→ **Try it**:
Repeat everything from the first line of the listing below through the line that contains "Family-focused entertaining and", exactly. Leave out pictures.

Content starts

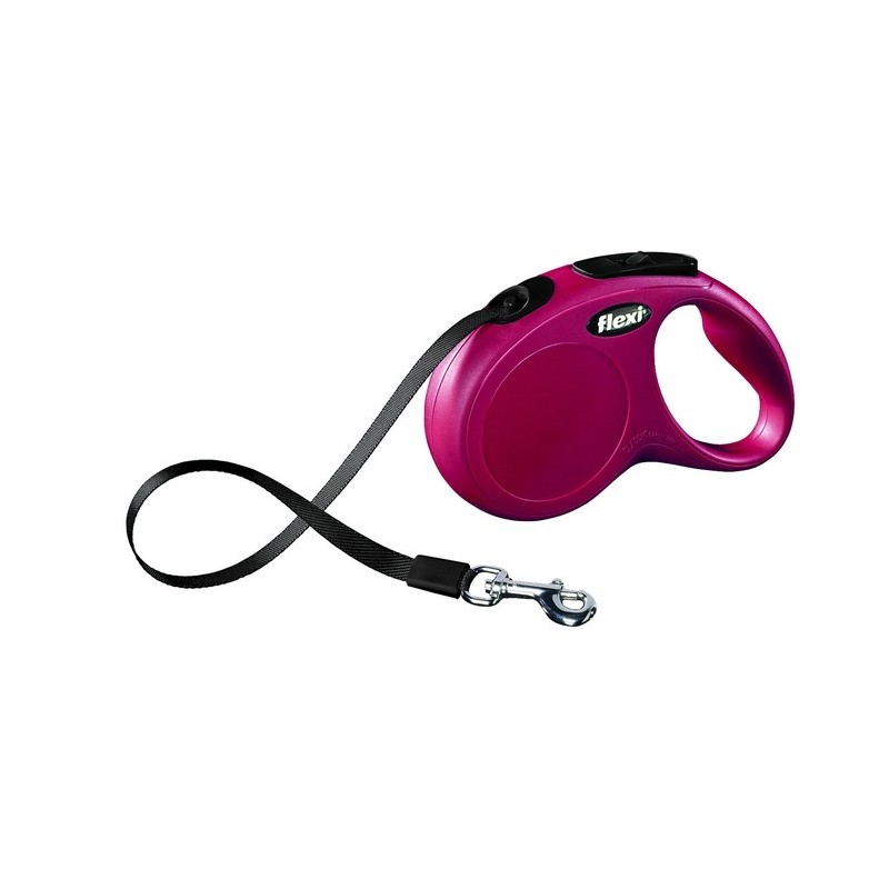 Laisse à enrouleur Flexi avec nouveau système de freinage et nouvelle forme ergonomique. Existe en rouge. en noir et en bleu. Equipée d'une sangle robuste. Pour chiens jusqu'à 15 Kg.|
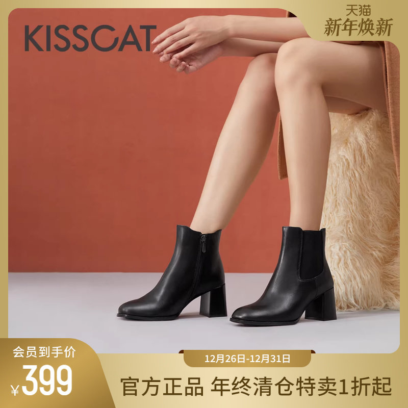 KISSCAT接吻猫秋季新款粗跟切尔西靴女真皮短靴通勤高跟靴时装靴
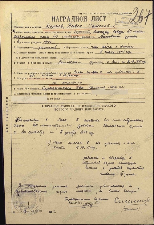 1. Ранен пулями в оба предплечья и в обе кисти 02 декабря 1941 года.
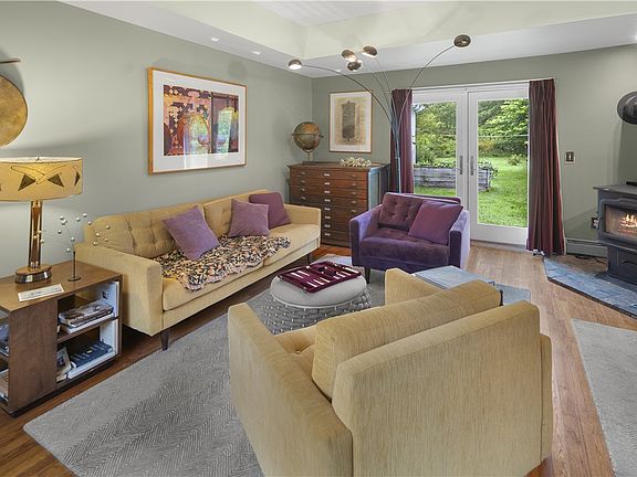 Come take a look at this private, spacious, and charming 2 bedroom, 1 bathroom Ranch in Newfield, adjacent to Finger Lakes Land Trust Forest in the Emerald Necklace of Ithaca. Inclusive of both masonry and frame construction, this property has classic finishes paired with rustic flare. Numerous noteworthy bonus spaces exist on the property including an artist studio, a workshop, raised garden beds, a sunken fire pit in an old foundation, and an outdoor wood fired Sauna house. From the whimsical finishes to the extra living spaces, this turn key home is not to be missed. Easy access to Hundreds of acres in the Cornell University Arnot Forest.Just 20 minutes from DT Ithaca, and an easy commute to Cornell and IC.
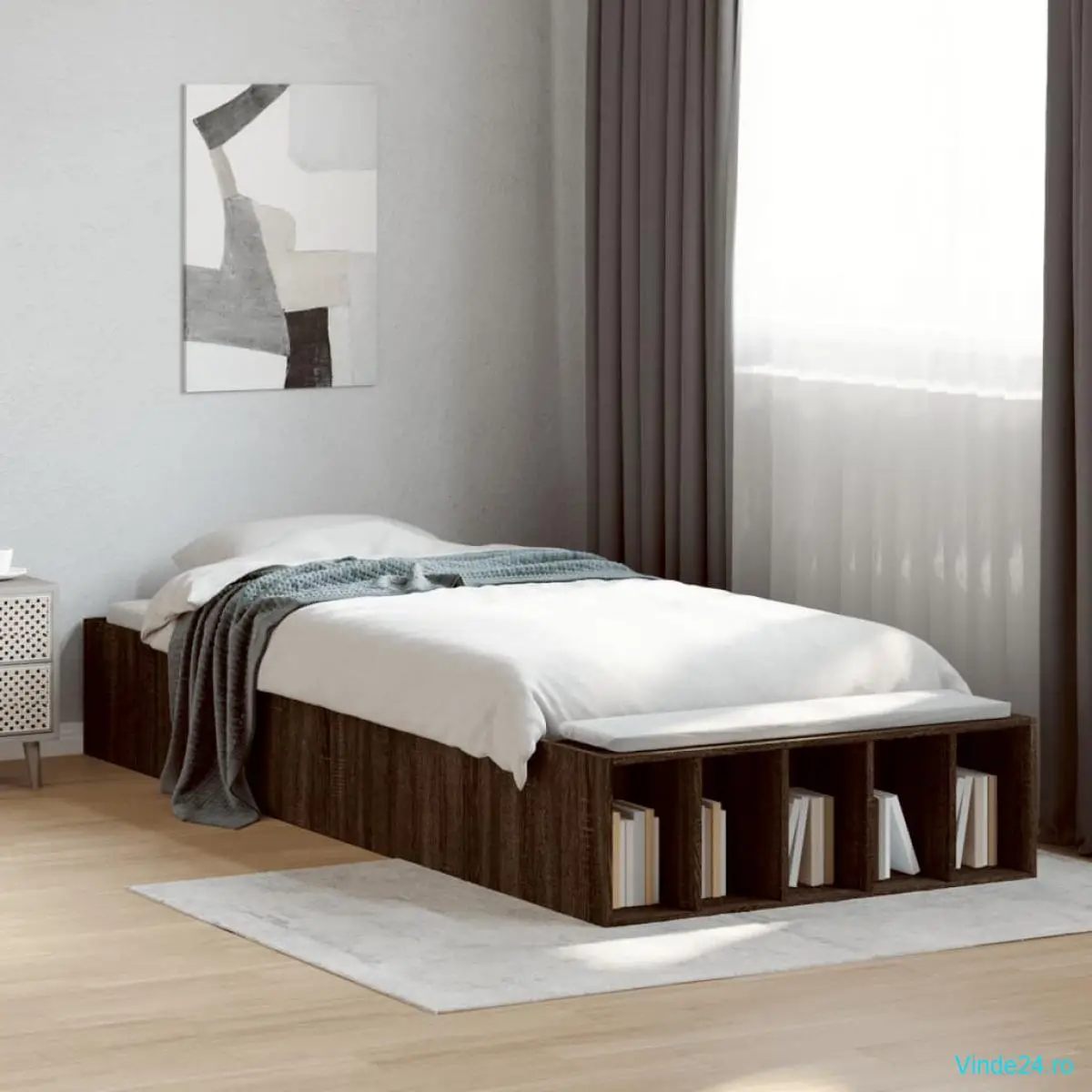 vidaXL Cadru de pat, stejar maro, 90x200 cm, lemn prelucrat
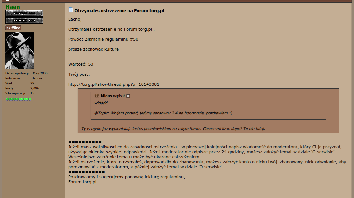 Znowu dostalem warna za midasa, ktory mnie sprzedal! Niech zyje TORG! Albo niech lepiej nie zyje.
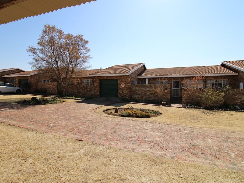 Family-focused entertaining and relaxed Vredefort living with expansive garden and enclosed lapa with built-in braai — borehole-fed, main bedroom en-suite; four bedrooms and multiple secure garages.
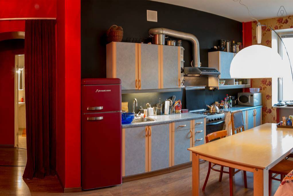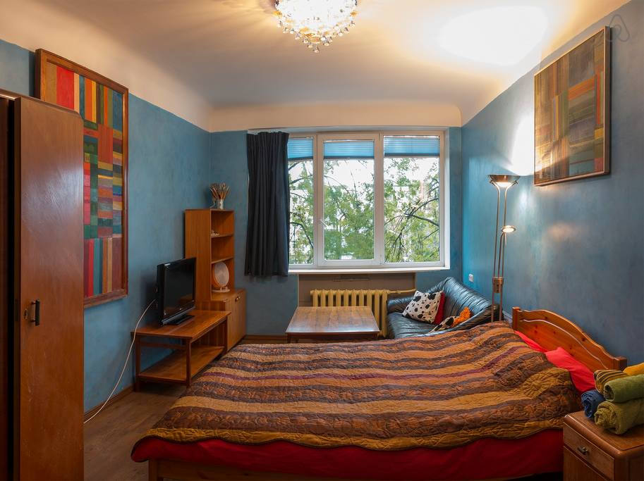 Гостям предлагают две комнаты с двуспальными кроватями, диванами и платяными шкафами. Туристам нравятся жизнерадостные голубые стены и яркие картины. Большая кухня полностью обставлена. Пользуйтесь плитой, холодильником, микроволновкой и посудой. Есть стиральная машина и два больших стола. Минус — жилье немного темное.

Content ends

→ **Exercise answer**:
 Laisse à enrouleur Flexi avec nouveau système de freinage et nouvelle forme ergonomique. Existe en rouge. en noir et en bleu. Equipée d'une sangle robuste. Pour chiens jusqu'à 15 Kg.|
 KISSCAT接吻猫秋季新款粗跟切尔西靴女真皮短靴通勤高跟靴时装靴
 1. Ранен пулями в оба предплечья и в обе кисти 02 декабря 1941 года.
 Come take a look at this private, spacious, and charming 2 bedroom, 1 bathroom Ranch in Newfield, adjacent to Finger Lakes Land Trust Forest in the Emerald Necklace of Ithaca. Inclusive of both masonry and frame construction, this property has classic finishes paired with rustic flare. Numerous noteworthy bonus spaces exist on the property including an artist studio, a workshop, raised garden beds, a sunken fire pit in an old foundation, and an outdoor wood fired Sauna house. From the whimsical finishes to the extra living spaces, this turn key home is not to be missed. Easy access to Hundreds of acres in the Cornell University Arnot Forest.Just 20 minutes from DT Ithaca, and an easy commute to Cornell and IC.
 vidaXL Cadru de pat, stejar maro, 90x200 cm, lemn prelucrat
 Znowu dostalem warna za midasa, ktory mnie sprzedal! Niech zyje TORG! Albo niech lepiej nie zyje.
 Family-focused entertaining and relaxed Vredefort living with expansive garden and enclosed lapa with built-in braai — borehole-fed, main bedroom en-suite; four bedrooms and multiple secure garages.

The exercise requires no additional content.